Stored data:
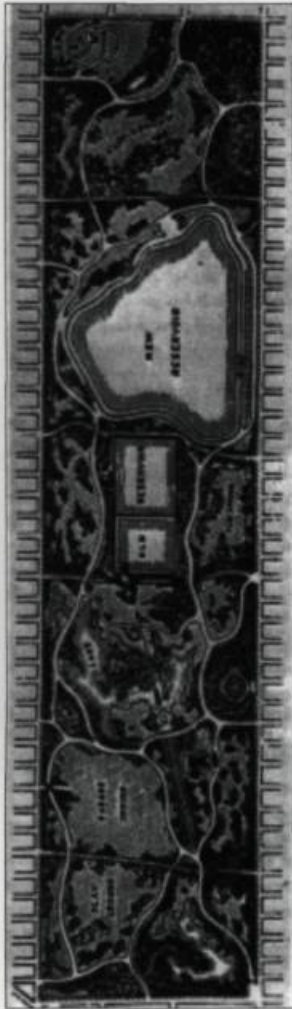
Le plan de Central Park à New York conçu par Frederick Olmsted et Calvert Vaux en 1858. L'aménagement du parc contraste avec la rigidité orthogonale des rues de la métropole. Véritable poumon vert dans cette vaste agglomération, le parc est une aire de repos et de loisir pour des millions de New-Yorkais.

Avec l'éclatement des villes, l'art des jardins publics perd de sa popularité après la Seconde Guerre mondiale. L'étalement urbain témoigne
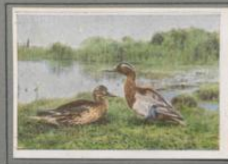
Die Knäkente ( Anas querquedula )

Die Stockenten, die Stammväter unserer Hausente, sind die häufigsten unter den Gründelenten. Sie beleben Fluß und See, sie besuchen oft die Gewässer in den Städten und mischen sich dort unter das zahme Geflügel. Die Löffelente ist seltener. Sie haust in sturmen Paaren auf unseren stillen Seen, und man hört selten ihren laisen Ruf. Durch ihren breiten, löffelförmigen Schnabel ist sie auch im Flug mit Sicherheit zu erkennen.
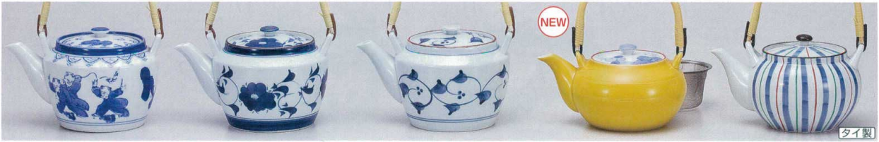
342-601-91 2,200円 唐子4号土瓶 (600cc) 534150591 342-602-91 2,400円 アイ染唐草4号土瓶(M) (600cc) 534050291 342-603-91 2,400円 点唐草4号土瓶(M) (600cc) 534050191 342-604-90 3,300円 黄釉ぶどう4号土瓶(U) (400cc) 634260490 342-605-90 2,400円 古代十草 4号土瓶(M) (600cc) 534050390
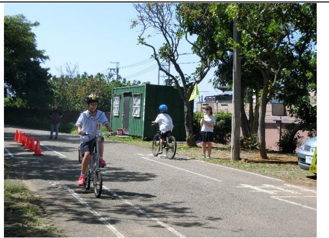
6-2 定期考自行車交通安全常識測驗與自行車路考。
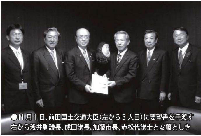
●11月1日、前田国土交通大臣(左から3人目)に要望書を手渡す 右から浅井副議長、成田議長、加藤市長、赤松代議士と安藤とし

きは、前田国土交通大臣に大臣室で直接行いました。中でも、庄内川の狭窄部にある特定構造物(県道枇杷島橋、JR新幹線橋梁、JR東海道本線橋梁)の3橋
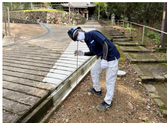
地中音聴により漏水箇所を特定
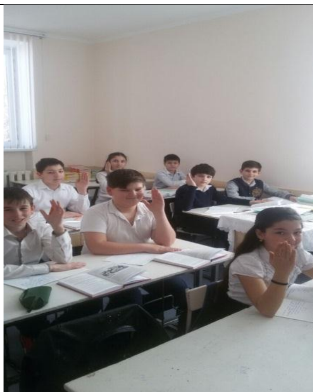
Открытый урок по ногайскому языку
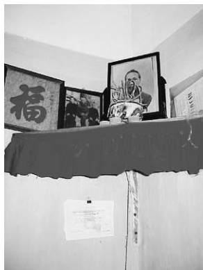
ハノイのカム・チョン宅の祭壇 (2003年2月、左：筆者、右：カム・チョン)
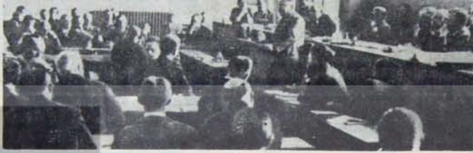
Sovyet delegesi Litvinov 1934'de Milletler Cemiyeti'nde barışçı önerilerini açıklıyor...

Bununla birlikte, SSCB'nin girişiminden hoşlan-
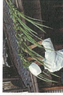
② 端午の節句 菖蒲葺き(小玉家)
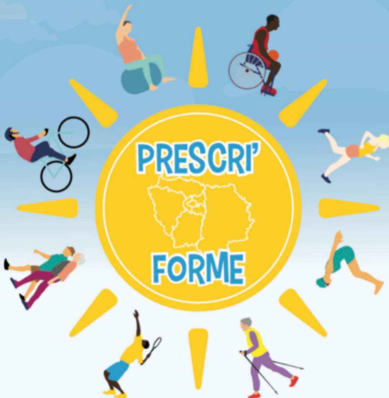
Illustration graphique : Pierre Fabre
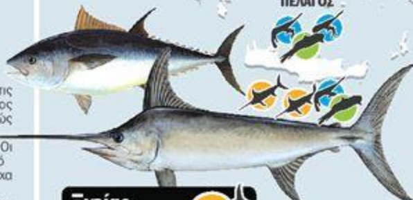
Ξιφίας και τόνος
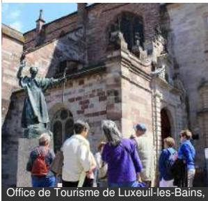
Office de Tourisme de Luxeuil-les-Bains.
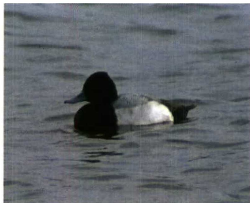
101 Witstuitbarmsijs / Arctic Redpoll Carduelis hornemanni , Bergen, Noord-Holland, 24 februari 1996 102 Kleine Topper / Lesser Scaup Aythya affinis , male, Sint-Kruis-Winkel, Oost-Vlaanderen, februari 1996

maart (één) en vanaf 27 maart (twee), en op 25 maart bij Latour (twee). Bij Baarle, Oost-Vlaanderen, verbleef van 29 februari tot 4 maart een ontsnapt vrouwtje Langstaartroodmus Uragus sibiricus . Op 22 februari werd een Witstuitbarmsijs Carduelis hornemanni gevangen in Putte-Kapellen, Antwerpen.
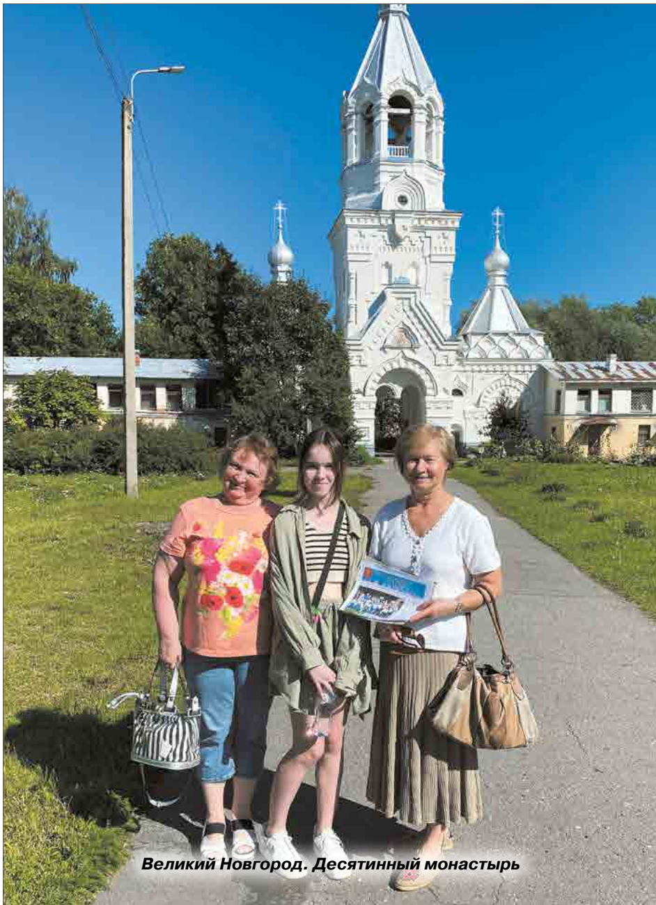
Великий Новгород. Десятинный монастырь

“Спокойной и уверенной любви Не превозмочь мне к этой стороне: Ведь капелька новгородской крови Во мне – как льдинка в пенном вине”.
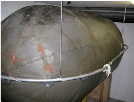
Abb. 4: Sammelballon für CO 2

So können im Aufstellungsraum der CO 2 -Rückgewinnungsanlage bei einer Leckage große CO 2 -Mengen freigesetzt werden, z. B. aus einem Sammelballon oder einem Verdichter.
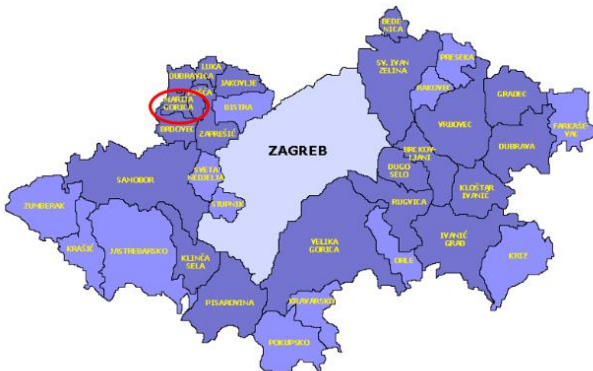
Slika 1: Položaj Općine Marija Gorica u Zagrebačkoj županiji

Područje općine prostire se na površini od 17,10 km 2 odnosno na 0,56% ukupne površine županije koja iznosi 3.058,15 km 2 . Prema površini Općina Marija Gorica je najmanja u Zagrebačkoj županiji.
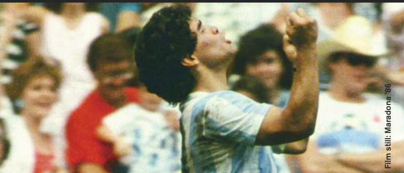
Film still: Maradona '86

--

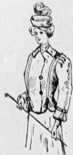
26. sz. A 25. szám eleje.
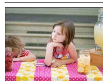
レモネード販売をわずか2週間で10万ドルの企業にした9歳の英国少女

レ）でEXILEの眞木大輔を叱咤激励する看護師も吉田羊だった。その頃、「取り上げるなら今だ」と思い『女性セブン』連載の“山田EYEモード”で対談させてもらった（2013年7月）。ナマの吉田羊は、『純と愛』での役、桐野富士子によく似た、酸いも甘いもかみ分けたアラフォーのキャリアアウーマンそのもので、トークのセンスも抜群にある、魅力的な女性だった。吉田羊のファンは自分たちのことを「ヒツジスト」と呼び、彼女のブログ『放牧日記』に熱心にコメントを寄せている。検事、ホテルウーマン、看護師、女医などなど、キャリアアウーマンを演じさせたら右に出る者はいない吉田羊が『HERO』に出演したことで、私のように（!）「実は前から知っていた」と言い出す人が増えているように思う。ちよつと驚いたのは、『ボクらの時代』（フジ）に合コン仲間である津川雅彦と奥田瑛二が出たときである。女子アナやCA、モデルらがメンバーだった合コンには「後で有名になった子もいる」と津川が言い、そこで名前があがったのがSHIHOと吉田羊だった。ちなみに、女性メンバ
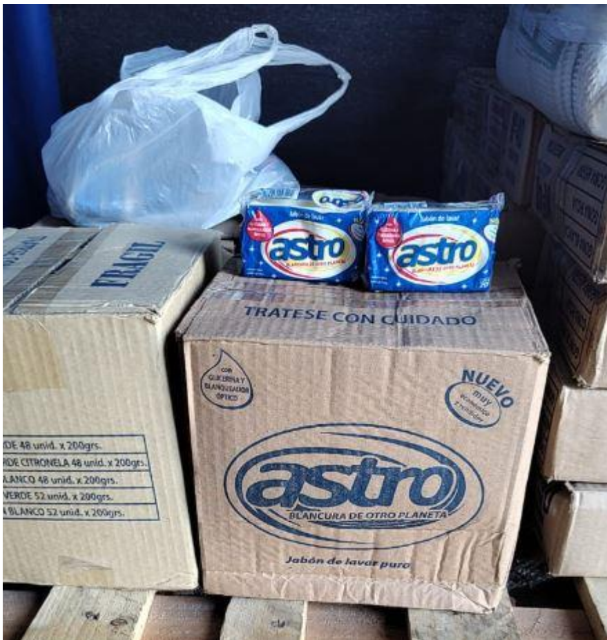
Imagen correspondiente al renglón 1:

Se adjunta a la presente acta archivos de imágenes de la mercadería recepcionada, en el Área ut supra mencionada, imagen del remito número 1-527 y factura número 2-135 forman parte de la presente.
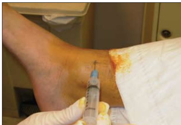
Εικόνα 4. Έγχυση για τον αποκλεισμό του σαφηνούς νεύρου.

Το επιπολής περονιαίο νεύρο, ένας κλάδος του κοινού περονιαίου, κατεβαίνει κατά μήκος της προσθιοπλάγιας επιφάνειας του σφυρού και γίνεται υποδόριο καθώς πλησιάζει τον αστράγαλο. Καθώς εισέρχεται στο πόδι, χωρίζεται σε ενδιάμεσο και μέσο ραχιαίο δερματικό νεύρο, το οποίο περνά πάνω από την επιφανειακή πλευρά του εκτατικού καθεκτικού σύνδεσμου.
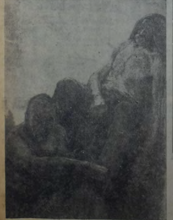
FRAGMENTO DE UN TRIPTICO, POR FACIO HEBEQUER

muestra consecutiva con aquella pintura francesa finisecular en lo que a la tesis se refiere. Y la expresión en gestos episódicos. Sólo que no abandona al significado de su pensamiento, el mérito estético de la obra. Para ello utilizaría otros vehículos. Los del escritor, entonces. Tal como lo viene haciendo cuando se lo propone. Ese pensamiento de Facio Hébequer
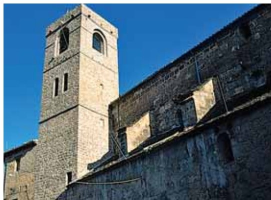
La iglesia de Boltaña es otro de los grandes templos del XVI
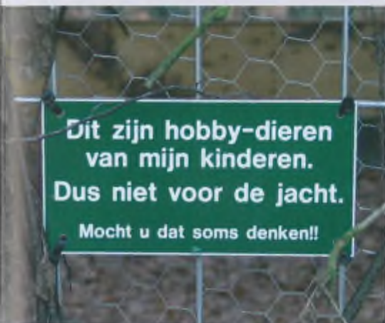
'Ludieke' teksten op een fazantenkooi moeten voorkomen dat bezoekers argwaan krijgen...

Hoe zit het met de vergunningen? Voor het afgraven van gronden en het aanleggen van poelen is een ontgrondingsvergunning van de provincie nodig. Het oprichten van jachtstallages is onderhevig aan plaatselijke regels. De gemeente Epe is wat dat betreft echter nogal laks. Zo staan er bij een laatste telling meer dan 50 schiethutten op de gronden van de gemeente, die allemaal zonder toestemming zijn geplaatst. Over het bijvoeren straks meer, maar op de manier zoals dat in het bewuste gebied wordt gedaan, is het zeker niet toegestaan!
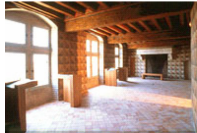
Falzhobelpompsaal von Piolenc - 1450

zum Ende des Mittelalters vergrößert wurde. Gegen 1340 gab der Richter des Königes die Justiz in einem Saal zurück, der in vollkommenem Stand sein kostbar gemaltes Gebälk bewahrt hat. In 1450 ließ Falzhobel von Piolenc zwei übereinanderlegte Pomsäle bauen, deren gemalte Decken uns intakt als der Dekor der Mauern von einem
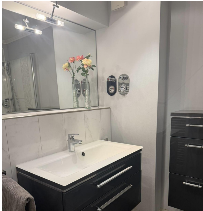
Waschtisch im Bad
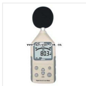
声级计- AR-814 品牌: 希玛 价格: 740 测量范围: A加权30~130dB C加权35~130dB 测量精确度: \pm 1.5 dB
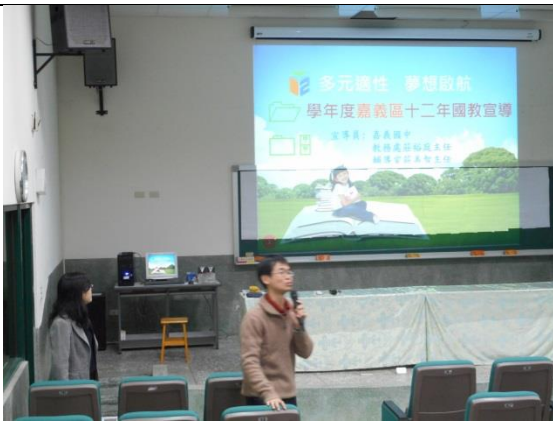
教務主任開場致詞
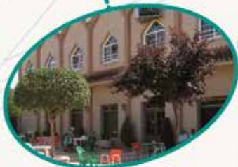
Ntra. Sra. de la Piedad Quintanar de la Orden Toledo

* * *

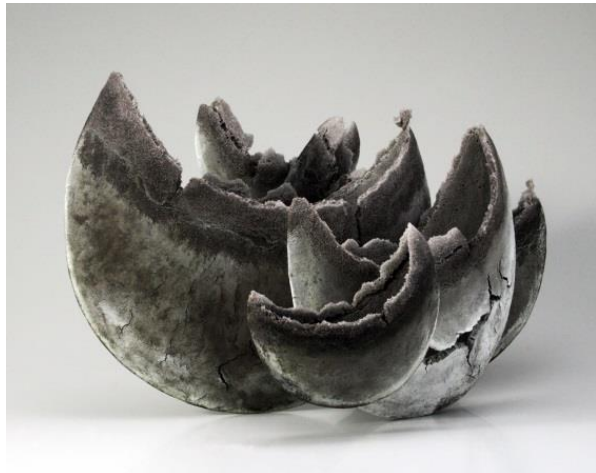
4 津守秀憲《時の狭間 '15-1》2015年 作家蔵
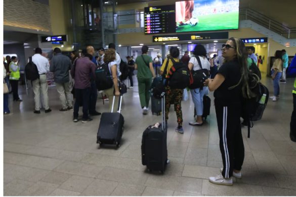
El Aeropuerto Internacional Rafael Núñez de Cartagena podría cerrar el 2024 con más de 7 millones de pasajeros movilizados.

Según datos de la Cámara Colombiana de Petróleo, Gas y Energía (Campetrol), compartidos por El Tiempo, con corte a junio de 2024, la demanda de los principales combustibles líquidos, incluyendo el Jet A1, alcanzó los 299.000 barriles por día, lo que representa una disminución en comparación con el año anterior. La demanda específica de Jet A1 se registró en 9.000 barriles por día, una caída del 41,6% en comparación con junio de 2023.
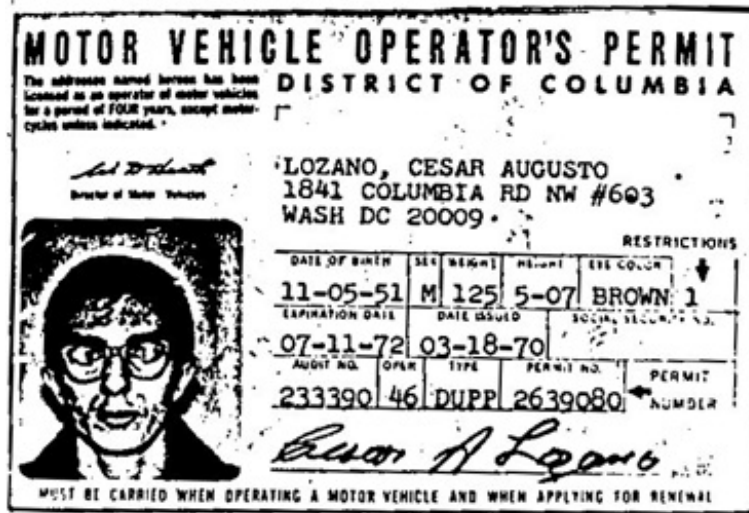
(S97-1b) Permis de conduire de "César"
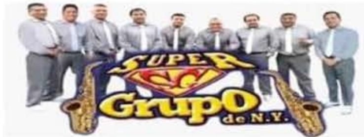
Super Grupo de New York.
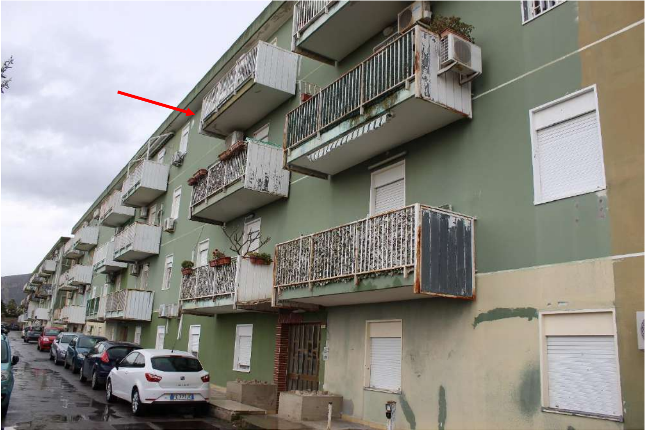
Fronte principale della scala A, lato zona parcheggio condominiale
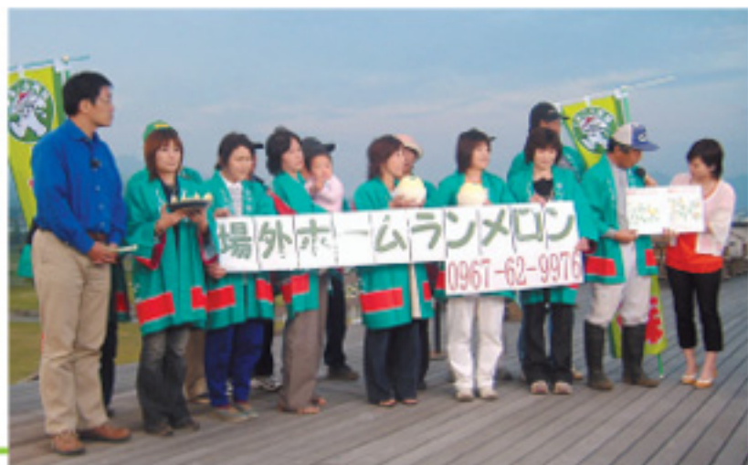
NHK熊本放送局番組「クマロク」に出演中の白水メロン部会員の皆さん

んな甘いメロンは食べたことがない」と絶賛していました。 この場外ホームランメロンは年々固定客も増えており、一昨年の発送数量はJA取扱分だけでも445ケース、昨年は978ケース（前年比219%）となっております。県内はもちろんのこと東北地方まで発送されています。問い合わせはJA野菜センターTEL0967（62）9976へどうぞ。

## [Work instruction]
Return every line above where "februari" appears.

## [Task response]
101 Witstuitbarmsijs / Arctic Redpoll Carduelis hornemanni , Bergen, Noord-Holland, 24 februari 1996 102 Kleine Topper / Lesser Scaup Aythya affinis , male, Sint-Kruis-Winkel, Oost-Vlaanderen, februari 1996
maart (één) en vanaf 27 maart (twee), en op 25 maart bij Latour (twee). Bij Baarle, Oost-Vlaanderen, verbleef van 29 februari tot 4 maart een ontsnapt vrouwtje Langstaartroodmus Uragus sibiricus . Op 22 februari werd een Witstuitbarmsijs Carduelis hornemanni gevangen in Putte-Kapellen, Antwerpen.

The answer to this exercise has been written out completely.